# Overcharged capillary tube system



## alejo0623 (Mar 25, 2012)

Good day,

Please, can someone explain the behavior of the gas 134A when overcharged in a refrigeration unit ( back bar unit 95 inches, Capillary tube system) how it will affect the saturation point, heat exchange and also can this iced up the evaporator and suction line? 
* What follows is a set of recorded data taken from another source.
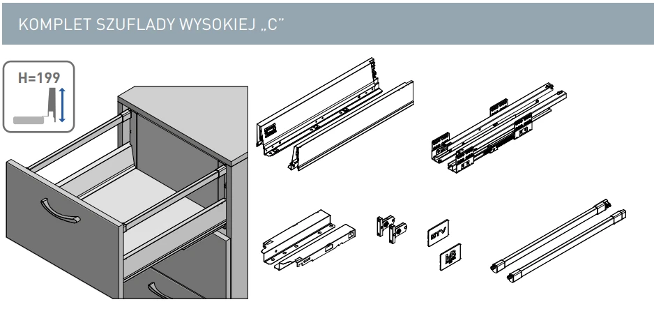 - Kolekcja szuflad i prowadnic Szuflada Modern Box PRO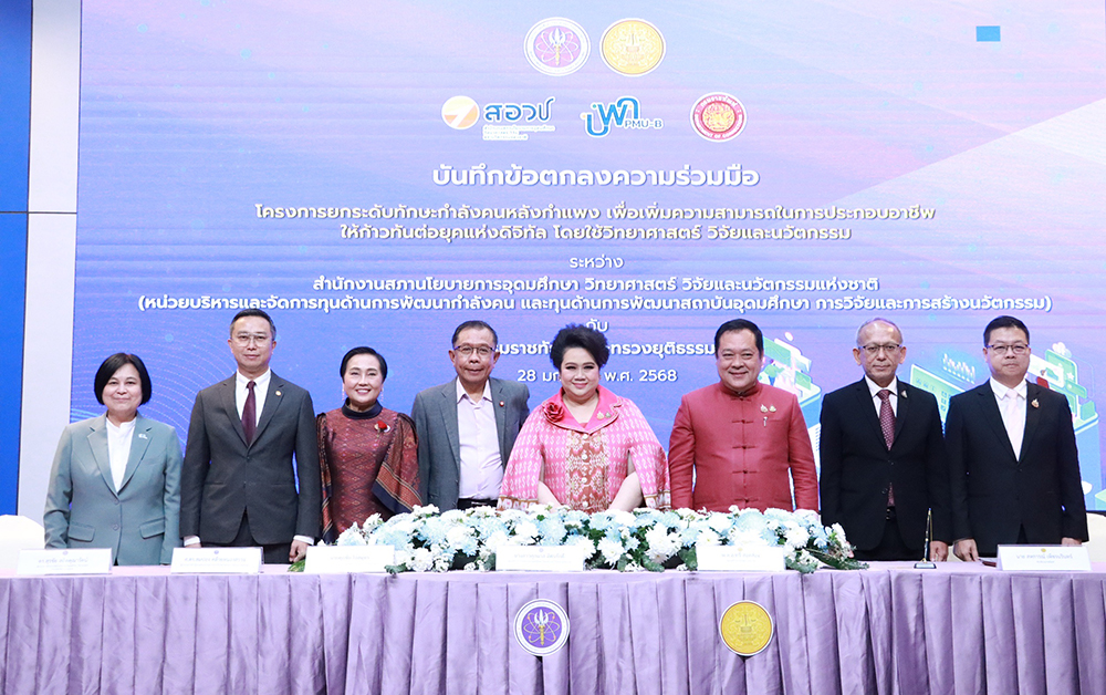 กระทรวงการอุดมศึกษา วิทยาศาสตร์ วิจัยและนวัตกรรม (อว.) โดยหน่วยบริหารและจัดการทุนด้านการพัฒนากําลังคน และทุนด้านการพัฒนาสถาบันอุดมศึกษา การวิจัยและการสร้างนวัตกรรม (บพค.) สํานักงานสภานโยบายการอุดมศึกษา วิทยาศาสตร์ วิจัยและนวัตกรรมแห่งชาติ (สอวช.) จัดพิธีลงนามบันทึกข้อตกลงความร่วมมือ (MOU) กับ กรมราชทัณฑ์ กระทรวงยุติธรรม เพื่อเดินหน้า “โครงการยกระดับทักษะกำลังคนหลังกำแพงเพื่อเพิ่มความสามารถในการประกอบอาชีพให้ก้าวทันต่อยุคแห่งดิจิทัล โดยใช้วิทยาศาสตร์ วิจัยและนวัตกรรม” ซึ่งมีเป้าหมายสำคัญเพื่อพัฒนาทักษะด้านดิจิทัลสำหรับผู้ต้องขัง เพิ่มโอกาสในการเข้าสู่ตลาดแรงงาน และส่งเสริมการประกอบสัมมาอาชีพหลังพ้นโทษ ตั้งเป้าหมายให้เกิดการพัฒนาคนให้มีทักษะแรงงานสูง (High-skill workforce) ทางด้านดิจิทัลให้เท่าทันต่อการเปลี่ยนแปลงของเทคโนโลยี (Technology disruption) จำนวนอย่างน้อย 1,000 คน ภายในปี 2569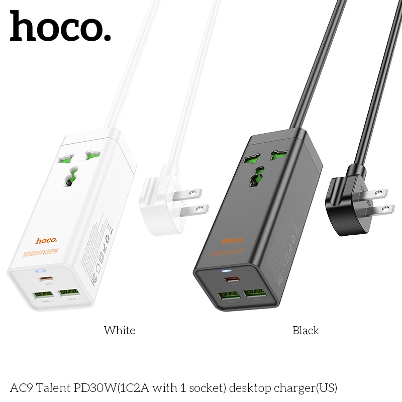 Ổ cắm điện đa năng sạc nhanh PD 30W cổng typeC + QC18W có 2*USB và 1*Type-C có 1 lỗ cắm tải 2500W dây dài 1.5m AC9 - Hàng chính hãng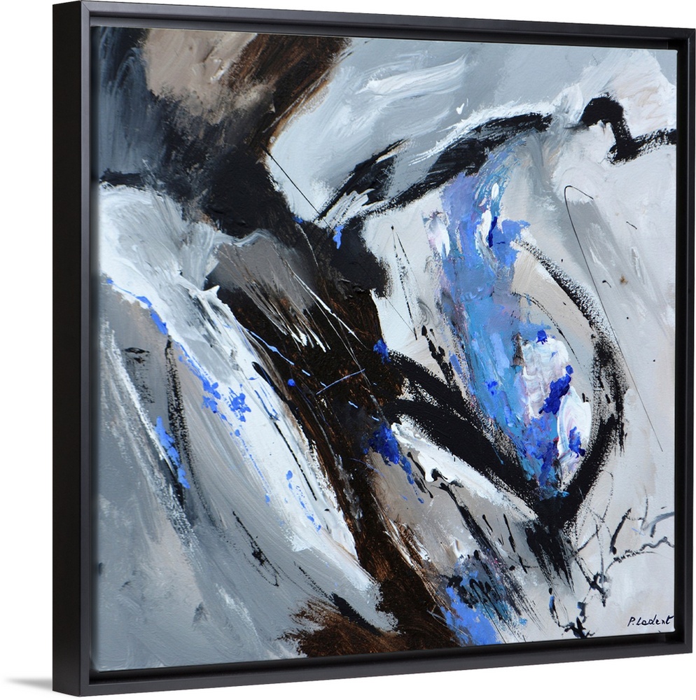 <p>Contemporary abstract painting in gray, black, and blue.</p>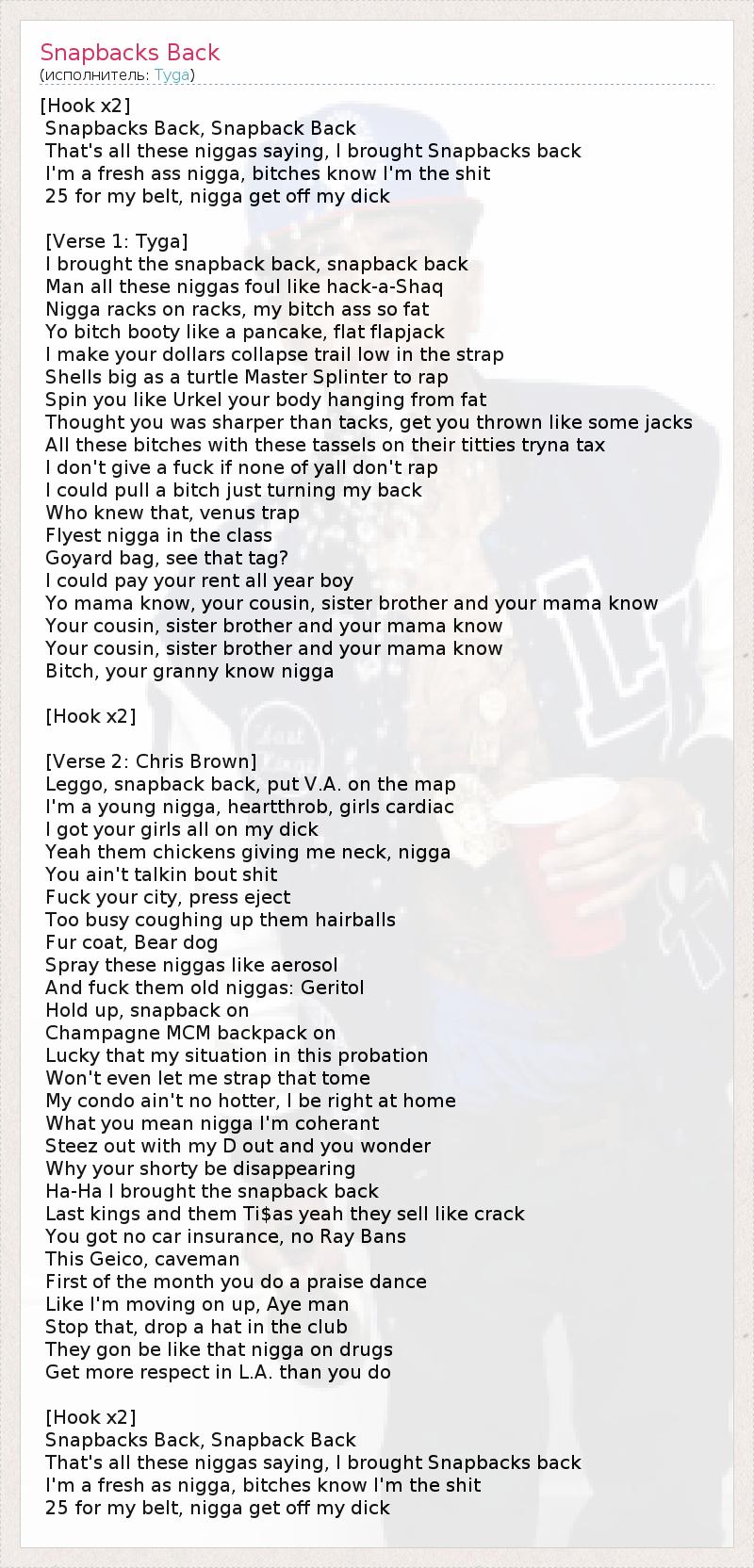[Припев x2] Снепбек возвращается, Снепбек возвращается Все ниггеры говорят, я вернул снепбек назад Я свеж и оригинален, сучки знают, что я крут 25к за мой пояс, отойди от моего члена [Куплет 1: Tyga] Я вернул снепбек назад, назад Чувак, все эти ниггеры фолят как на Шаке Нигга у меня куча бабла, задница моей сучки такая толстая Эй, грудь у сучки как блин, плоская лепешка Ваши доллары улетучиваются, торчат аж из моего ремня Броня большая как у черепахи учителя Сплинтера Закружу тебя как Urkel, с твоего тела свисает жирок Думал ты острее кнопок, брошу тебя как в игре в бабки Все эти сучки с кисточками на сосках пытаются меня обобрать Мне насрать, читает ли одна из них рэп Я могу подцепить сучку, просто повернувшись спиной Кто знал, что это венерина мухоловка Для летящего ниггера Рюкзак от Goyard, видишь эту этикетку? Я мог бы оплатить им твою аренду за год Эй мама знает, твой кузен, сестра, брат и твоя мама знают Твой кузен, сестра, брат и твоя мама знают Твой кузен, сестра, брат и твоя мама знают Сучка, твоя бабуля знает, что [Припев x2] [Куплет 2: Chris Brown] Вперед, снепбек возвращается, я популяризовал Вирджинию Я - молодой ниггер, сердцеед, от меня у девок сердечные приступы Все ваши девки на моем члене Да, цыпочки, делают мне минет Не несите дерьма Нахер ваш город, нажмите извлечь Я слишком занят отхаркиванием их волосяных шариков Меховое пальто из медвежьей собаки Распыляю эти ниггеров как аэрозоль И нахер старых ниггеров с Geritol** Погодите, надену снепбек Запихиваю шампанское в рюкзак MCM Вам везет, что я на испытательном сроке Никогда не позволяйте мне обзавестись Томпсоном В моем доме не стало жарче, я буду дома *** Что ты имеешь в виду ниггер, я не несу бреда Мой член так и торчит, а ты ещё спрашиваешь Почему твоя малышка исчезает Ха ха, я вернул снепбек назад Линии одежды Last kings и Ti$as, стали продаваться как наркота У тебя нет ни автострахования, ни очков Ray Bans Этот брэнд Geico доисторический Вначале месяца ты танцуешь хвалебный танец Как будто я иду вверх, О да Прекращай это, брось шляпу в клубе Они вытаращат глаза как ниггер на наркоте Получи больше уважения в Лос-Анджелесе [Припев x2] Снепбек возвращается, Снепбек возвращается Все ниггеры говорят, я вернул снепбек назад Я свеж и оригинален, сучки знают, что я крут 25к за мой пояс, отойди от моего члена * - кепка с плоским козырьком и защёлкой сзади, была популяризована рэперами в начале 90-х ** - американская торговая марка различных пищевых добавок, взявшее название от гериатрии *** - Крис попал под огонь, после некоторых заявлений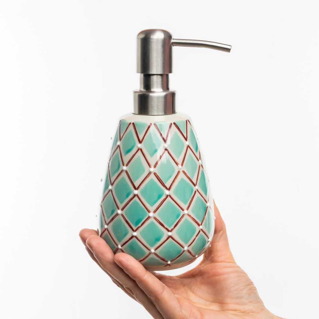 Dieser Seifenspender mit seinem charmanten Design im Vintage-Stil bringt Nostalgie in dein Badezimmer. Die glatte, matte Oberfläche und die sanften Farbtöne verleihen dem Spender einen authentischen Retro-Look, der zugleich zeitlos und modern wirkt.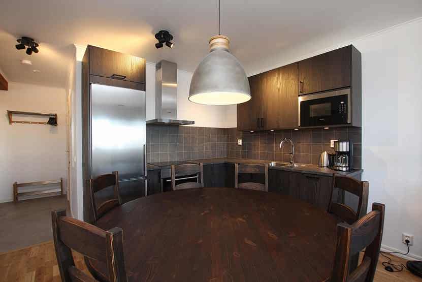 Køkkenet indeholder ovn, mikro, køleskab med fryser, komfur, opvaskemaskine.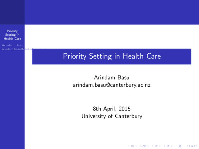 We Cover today? Start with a Case Study Examine Issues with Priority Setting in Health Care Learn Aspects of how priority setting exercises are done Discuss how to evaluate whether the priority setting was done well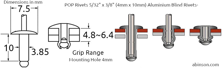 By way of explanation, here are some pictures of blind rivets. There are dimensions given in the pictures, but I used a different size: 2.4 mm (nominal 3/32”) diameter.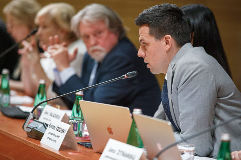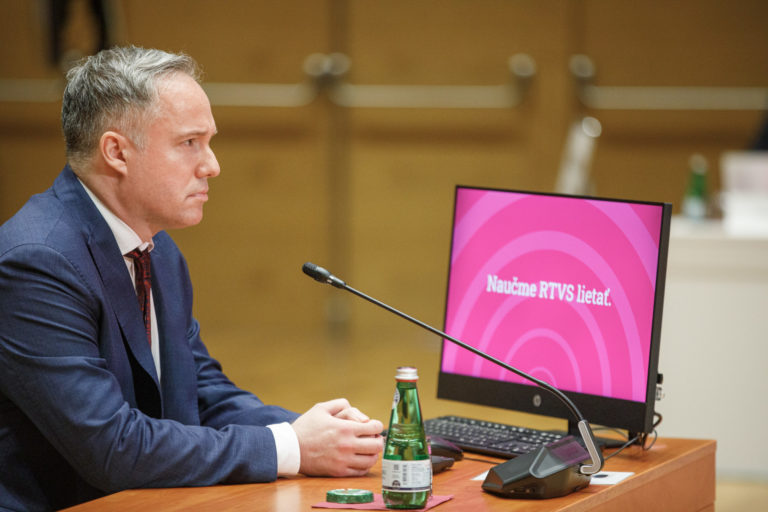 Kandidát Peter Janků počas verejného vypočutia kandidátov na funkciu generálneho riaditeľa Rozhlasu a televízie Slovenska (RTVS) v rámci schôdze Výboru NR SR pre kultúru a médiá v Zimnej jazdiarni Bratislavského hradu. Foto: SITA/Branislav Bibel

i have seen that a unit when overcharged it will develop ice at the inlet of the compressor, can this ice climb up to the evaporator and make the evaporator iced up too?

thanks,


----------



## rmihvacr (Mar 29, 2012)

Yes. When dealing with incremental horsepower refrigeration (under 1 h.p.) it is HIGHLY recommended (and our companies S.O.P.) to weigh in the charge, which is available on data plate. This eliminates the human error when it comes to charging a system. We have found that heat (greater than 105 degrees) causes a slight film to develop inside capillary tube (when P.O.E. is in system)and therefore alters the refrigeration effect (overall I.D. of cap tube becomes smaller). We replace driers and captubes any time we remove refrigerant 134A from a small system. The incurred expense (for us the contractor) is minimal (drier (sporlan CAPT and supco cap tube less than 20$) and has proven to be a benefit for the customer and a good revenue generator for us. Win Win. We replace upwards of 30 a month during the summer (different customers of course).


----------



## alejo0623 (Mar 25, 2012)

Thank you !!


----------



## moshei (Jun 21, 2012)

Often a cap tube is branched into several smaller distribution lines that meter refrigerant into different sections of a cooling coil - it's simply a means of efficient distribution to improve coil efficiency, and shouldn't affect the charge quantity.!


----------